Return, with both end lines included, exactly what the data below holds from the line with "合众新能源新增的破产案件中,申请人为上海" through the line with "The Vestil Mobile", though not the pictures.

** Opening Given records block **

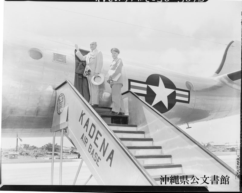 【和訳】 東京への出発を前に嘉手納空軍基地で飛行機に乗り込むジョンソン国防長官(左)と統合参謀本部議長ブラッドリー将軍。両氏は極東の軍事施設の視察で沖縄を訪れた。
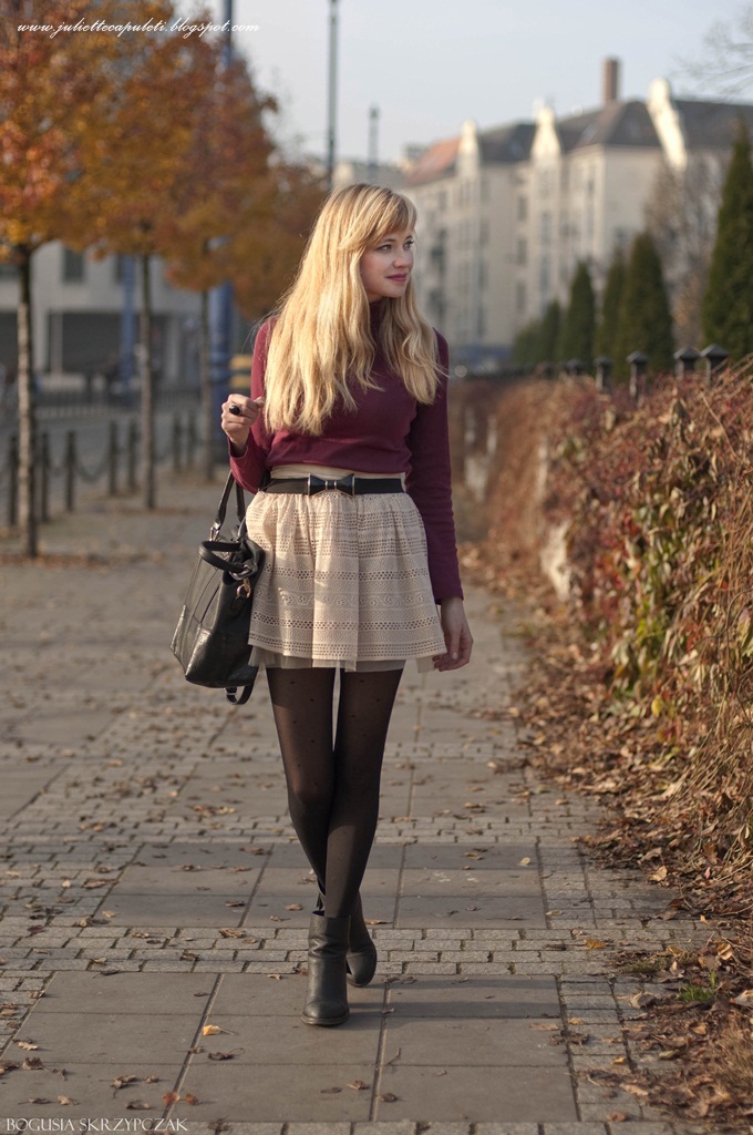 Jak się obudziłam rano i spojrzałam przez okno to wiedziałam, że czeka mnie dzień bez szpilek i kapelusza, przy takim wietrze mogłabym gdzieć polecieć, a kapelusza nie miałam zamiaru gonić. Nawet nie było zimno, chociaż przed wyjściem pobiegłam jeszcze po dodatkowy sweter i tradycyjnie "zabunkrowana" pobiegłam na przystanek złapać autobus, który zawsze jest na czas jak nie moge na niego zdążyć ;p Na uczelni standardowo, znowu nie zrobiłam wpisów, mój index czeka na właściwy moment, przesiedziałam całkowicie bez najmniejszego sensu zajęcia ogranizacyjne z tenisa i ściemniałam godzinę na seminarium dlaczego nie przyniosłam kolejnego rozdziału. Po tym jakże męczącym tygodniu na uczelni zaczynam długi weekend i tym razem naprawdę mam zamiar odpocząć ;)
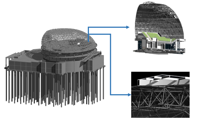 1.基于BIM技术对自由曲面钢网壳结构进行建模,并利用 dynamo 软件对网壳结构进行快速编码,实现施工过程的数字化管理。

** Closing Given records block **
** Opening Given records block **

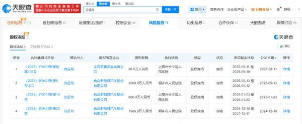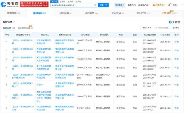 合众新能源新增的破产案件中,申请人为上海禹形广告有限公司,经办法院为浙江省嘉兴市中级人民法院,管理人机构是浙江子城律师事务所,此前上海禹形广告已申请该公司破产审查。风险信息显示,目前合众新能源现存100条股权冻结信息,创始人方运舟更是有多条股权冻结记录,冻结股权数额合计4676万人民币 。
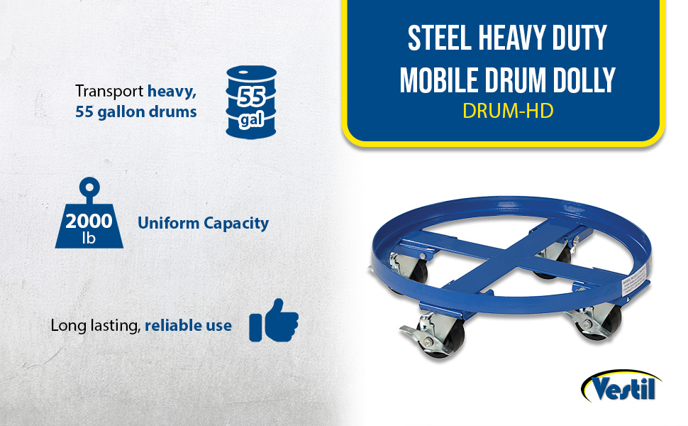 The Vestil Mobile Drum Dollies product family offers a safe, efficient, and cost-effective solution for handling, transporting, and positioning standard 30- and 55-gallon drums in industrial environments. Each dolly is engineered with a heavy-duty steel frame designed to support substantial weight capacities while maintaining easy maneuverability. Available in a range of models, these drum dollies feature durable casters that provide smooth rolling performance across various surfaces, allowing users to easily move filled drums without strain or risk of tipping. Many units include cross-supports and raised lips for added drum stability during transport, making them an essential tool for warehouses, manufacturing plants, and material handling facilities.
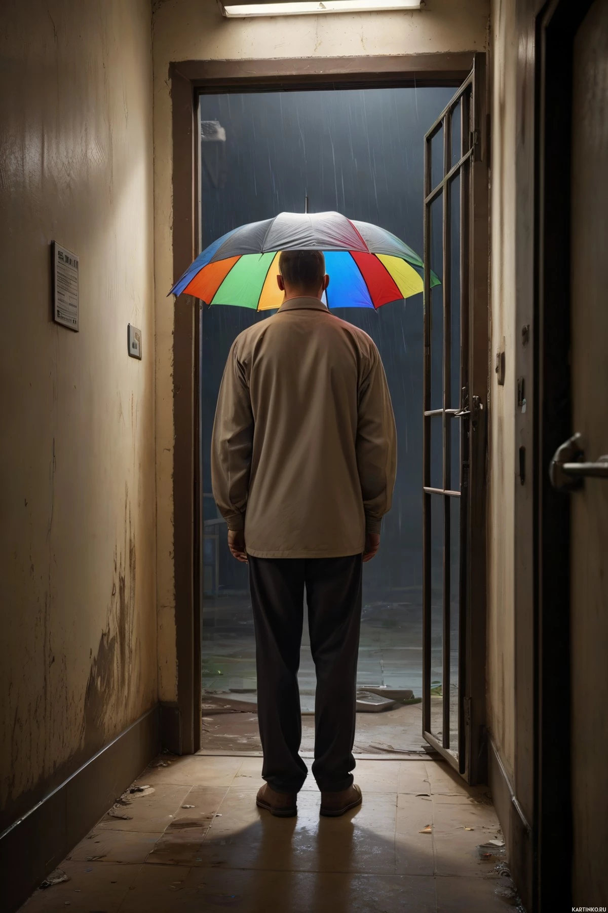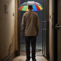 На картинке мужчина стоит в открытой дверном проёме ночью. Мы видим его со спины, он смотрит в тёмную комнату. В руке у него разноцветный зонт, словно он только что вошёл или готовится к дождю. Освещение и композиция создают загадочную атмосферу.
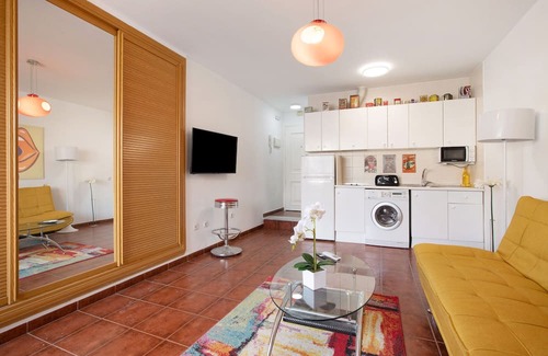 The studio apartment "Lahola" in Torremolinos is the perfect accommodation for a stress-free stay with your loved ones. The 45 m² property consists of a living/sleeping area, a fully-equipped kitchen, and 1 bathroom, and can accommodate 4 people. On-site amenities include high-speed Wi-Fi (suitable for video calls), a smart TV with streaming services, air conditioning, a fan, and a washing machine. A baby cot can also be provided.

** Closing Given records block **

> _Task output_:
 合众新能源新增的破产案件中,申请人为上海禹形广告有限公司,经办法院为浙江省嘉兴市中级人民法院,管理人机构是浙江子城律师事务所,此前上海禹形广告已申请该公司破产审查。风险信息显示,目前合众新能源现存100条股权冻结信息,创始人方运舟更是有多条股权冻结记录,冻结股权数额合计4676万人民币 。
 The Vestil Mobile Drum Dollies product family offers a safe, efficient, and cost-effective solution for handling, transporting, and positioning standard 30- and 55-gallon drums in industrial environments. Each dolly is engineered with a heavy-duty steel frame designed to support substantial weight capacities while maintaining easy maneuverability. Available in a range of models, these drum dollies feature durable casters that provide smooth rolling performance across various surfaces, allowing users to easily move filled drums without strain or risk of tipping. Many units include cross-supports and raised lips for added drum stability during transport, making them an essential tool for warehouses, manufacturing plants, and material handling facilities.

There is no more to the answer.